After establishing the potential of the synthesised Si-MNPs as cargos for bacteria-mediated delivery for MHCT, we utilised streptavidin–biotin interaction to assemble E. coli with Si-MNPs at a concentration of 0.5 mg ml⁻¹ MNPs (equivalent to 0.41 mg Fe ml⁻¹ for Si-NSs and Si-0.38 mg Fe ml⁻¹ for Si-NCs, as measured by ICP-MS). To confirm the formation of BacMags, XPS was employed as an indirect method to determine the elemental composition of E. coli, Si-MNPs (Si-NCs) and the bioconjugated BacMags. The survey spectrum of E. coli (Fig. 2a) displayed characteristic peaks for O, N, C and P which are expected to be present in natural moieties such as bacterial membranes composed of lipids and proteins,⁴⁶ whereas Si-NSs and Si-NCs exhibited characteristic peaks of Fe, O and Si. In the case of BacMags, peaks corresponding to the elements present in both E. coli and Si-MNPs were observed, indicating a close proximity between the bacteria and the nanoparticles.

Fig. 2 Characterization of BacMags: (a) XPS survey spectra of Si-MNPs, E. coli and BacMags; (b and c) TEM images of Si-NS-BacMag and Si-NC-BacMag, respectively, where the inset of (c) shows E. coli control; elemental mappings of (d) nitrogen, (e) phosphorus, (f) oxygen, (g) iron and (h) merged image of (d–g) of the synthesised BacMags; and SEM images of (i) E. coli, (j) Si-NS-BacMag and (k) Si-NC-BacMag.

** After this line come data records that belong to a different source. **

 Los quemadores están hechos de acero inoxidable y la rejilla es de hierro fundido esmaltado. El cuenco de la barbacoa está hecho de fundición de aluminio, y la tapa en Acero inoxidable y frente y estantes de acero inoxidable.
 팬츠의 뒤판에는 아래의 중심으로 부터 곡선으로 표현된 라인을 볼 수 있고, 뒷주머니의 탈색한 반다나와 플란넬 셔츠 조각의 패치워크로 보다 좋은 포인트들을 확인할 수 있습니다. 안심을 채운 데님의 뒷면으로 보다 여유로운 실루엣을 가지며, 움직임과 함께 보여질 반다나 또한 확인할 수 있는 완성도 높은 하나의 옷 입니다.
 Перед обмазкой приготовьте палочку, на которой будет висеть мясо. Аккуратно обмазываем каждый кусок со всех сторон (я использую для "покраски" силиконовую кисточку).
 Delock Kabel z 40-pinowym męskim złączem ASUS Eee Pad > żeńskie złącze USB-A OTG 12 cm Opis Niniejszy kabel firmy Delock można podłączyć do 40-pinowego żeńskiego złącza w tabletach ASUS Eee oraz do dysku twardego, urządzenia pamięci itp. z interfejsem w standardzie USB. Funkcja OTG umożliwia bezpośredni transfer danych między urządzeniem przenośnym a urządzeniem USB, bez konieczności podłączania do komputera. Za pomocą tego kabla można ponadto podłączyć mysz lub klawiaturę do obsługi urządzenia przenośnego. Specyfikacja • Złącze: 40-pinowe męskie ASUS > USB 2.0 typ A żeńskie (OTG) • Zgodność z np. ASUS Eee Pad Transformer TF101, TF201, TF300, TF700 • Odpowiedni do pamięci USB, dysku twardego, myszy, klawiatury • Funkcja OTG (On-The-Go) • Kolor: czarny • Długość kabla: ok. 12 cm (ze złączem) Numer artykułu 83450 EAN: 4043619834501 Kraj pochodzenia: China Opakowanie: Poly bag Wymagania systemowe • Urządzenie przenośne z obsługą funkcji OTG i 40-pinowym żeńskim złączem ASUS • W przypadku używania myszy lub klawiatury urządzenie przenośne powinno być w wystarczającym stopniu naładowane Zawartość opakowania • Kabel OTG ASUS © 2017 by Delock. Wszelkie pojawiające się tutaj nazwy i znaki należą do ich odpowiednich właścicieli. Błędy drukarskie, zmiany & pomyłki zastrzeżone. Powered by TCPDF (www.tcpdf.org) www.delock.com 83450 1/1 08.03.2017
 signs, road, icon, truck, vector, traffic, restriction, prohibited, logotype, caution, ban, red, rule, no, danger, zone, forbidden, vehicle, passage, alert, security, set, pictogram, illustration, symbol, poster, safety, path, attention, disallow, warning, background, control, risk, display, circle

For direct visualization and confirmation of BacMag formation, confocal microscopy, TEM and SEM techniques were employed. Fig. S4† displays confocal microscopy images of the prepared BacMags, where the signal from FITC-tagged E. coli was co-localized with the rhodamine-tagged Si-MNPs (Si-NCs), suggesting the physical attachment of the MNPs with E. coli. The TEM images (Fig. 2b and c) demonstrate the successful bioconjugation of Si-NSs and Si-NCs on the surface of E. coli, respectively, while inset in Fig. 2c shows bare E. coli without the Si-MNP conjugation. Elemental mapping of BacMags (Fig. 2d–h) reveals an even distribution of the inherent elements of E. coli (N, P and O) throughout the bacterial surface. The elemental mapping of Fe on the other hand corresponds to the position of MNPs conjugated on the bacterial surface (Fig. 2g and h). The SEM image analysis (Fig. 2(i–k) ) further confirms the successful preparation of BacMags. Furthermore, the concentration of iron in the prepared BacMags was found to be 0.37 mg Fe ml⁻¹ for Si-NS-E. coli and 0.31 mg Fe ml⁻¹ for Si-NC-E. coli.

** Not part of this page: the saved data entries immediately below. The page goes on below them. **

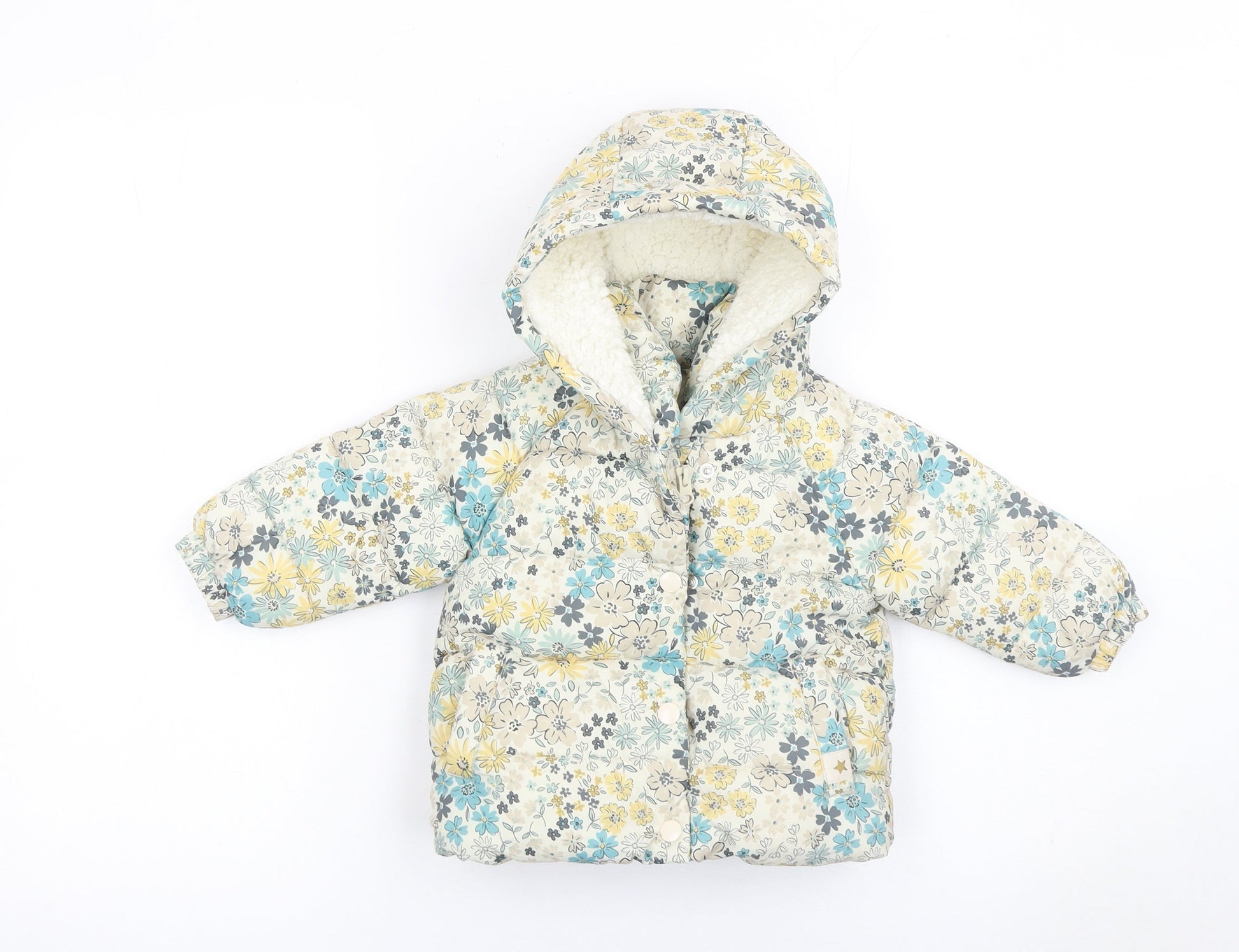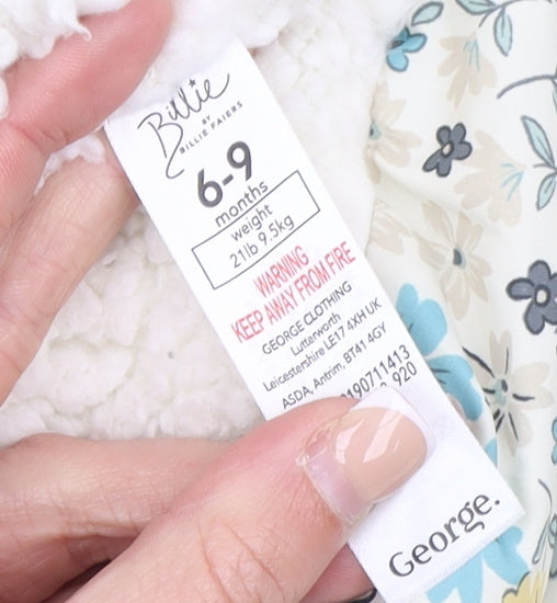 George Unisex Baby Multicoloured Floral Puffer Coat 6-9 Months Hooded Winter
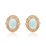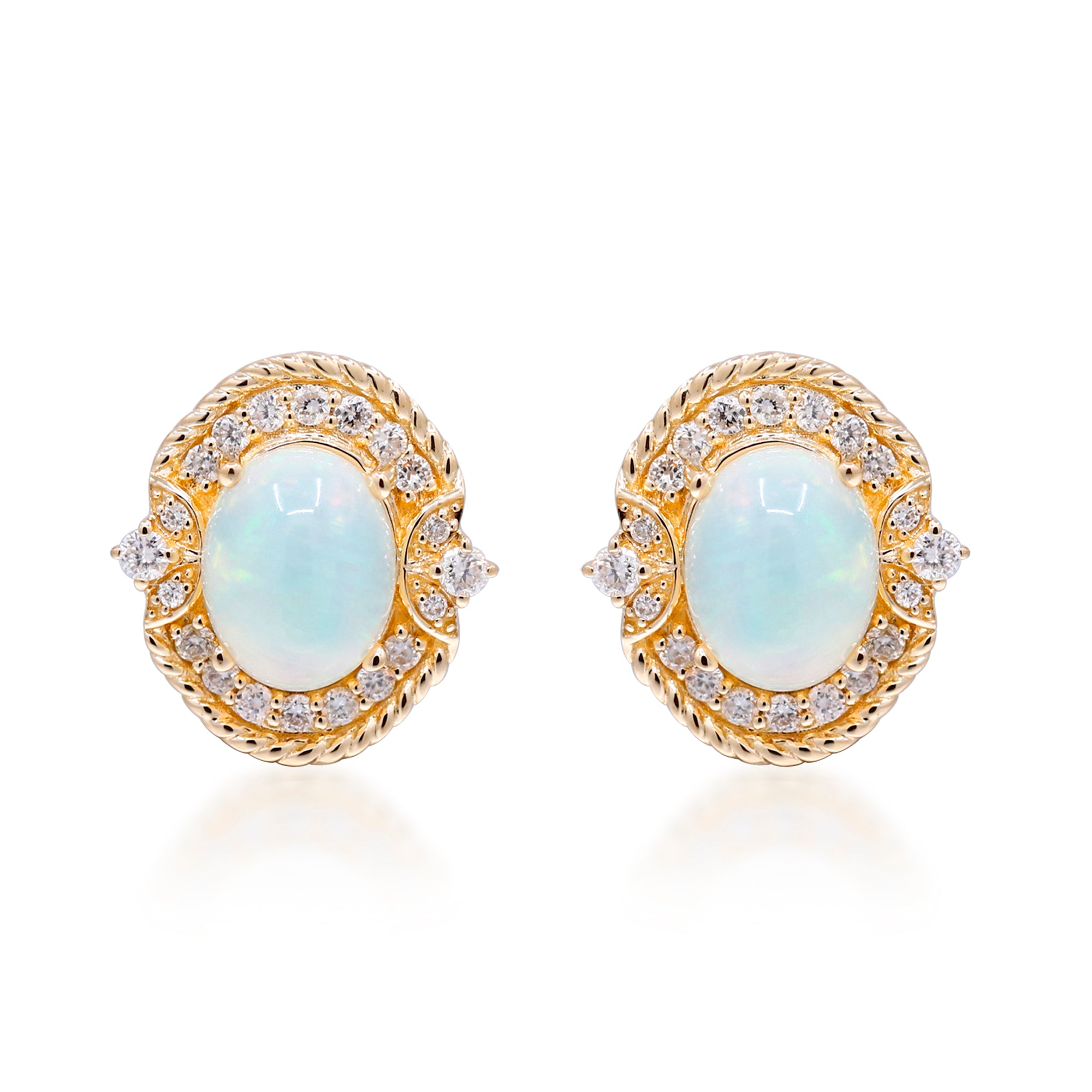 Decorate yourself in elegance with this Earring is crafted from 10-karat Yellow Gold by Gin & Grace. This Earring is made up of 9x7 mm Oval Cab Ethiopian Opal (2 pcs) 2.37 carat and Round-cut White Diamond (40 Pcs) 0.45 Carat. This Earring is weight 4.14 grams. This delicate Earring is polished to a high finish shine.
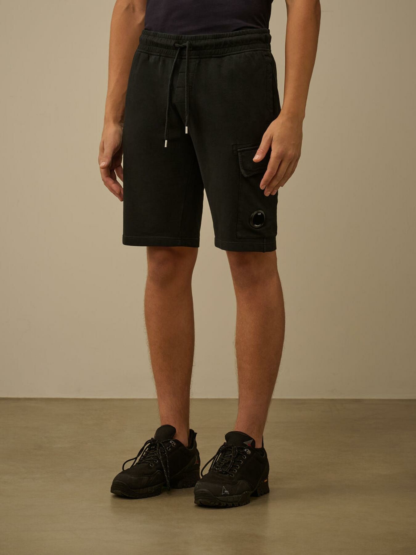 Shorts realizzati in fleece leggero garzato. Il tessuto morbido e traspirante assicura comfort e libertร di movimento. Il modello รจ completato da vita regolabile con coulisse, tasche laterali e tasca cargo con patta, bottoni automatici e l’iconica Lente di C.P. Company. Tinti in capo. Regular fit.

Following the successful formation of BacMags, it was crucial to assess whether the bioconjugation affected the living potential of E. coli; therefore, the viability of E. coli was evaluated using the colony forming assay (Fig. 3a), which indicated that there was no significant loss in bacterial viability after bioconjugation with Si-MNPs (Si-NCs). Subsequently, the magnetic hyperthermia potential of the developed BacMags was determined for both Si-NSs and Si-NCs to identify the best nanoparticle morphology for MHCT. Fig. 3b and c show that E. coli conjugated with Si-NCs exhibited a higher temperature rise of 7 ± 0.9 °C, falling within the desirable hyperthermic window (4–5 °C) compared to Si-NSs, which showed a temperature rise of only 2.5 ± 0.5 °C. This demonstrates the efficient hyperthermic potential of the anisotropic morphology of MNPs (Si-NCs) for MHCT. Therefore, Si-NC-BacMags were selected for all further experiments to evaluate their anti-tumor potential.

Fig. 3 (a) Bacterial viability analysis post-fabrication with Si-NSs and Si-NCs by colony forming unit assay; (b) calorimetric hyperthermia profile of Si-MNPs and BacMags; (c) ΔT plot obtained from b; and (d) pancreatic cancer cell cytotoxicity analysis using Si-NC-BacMags.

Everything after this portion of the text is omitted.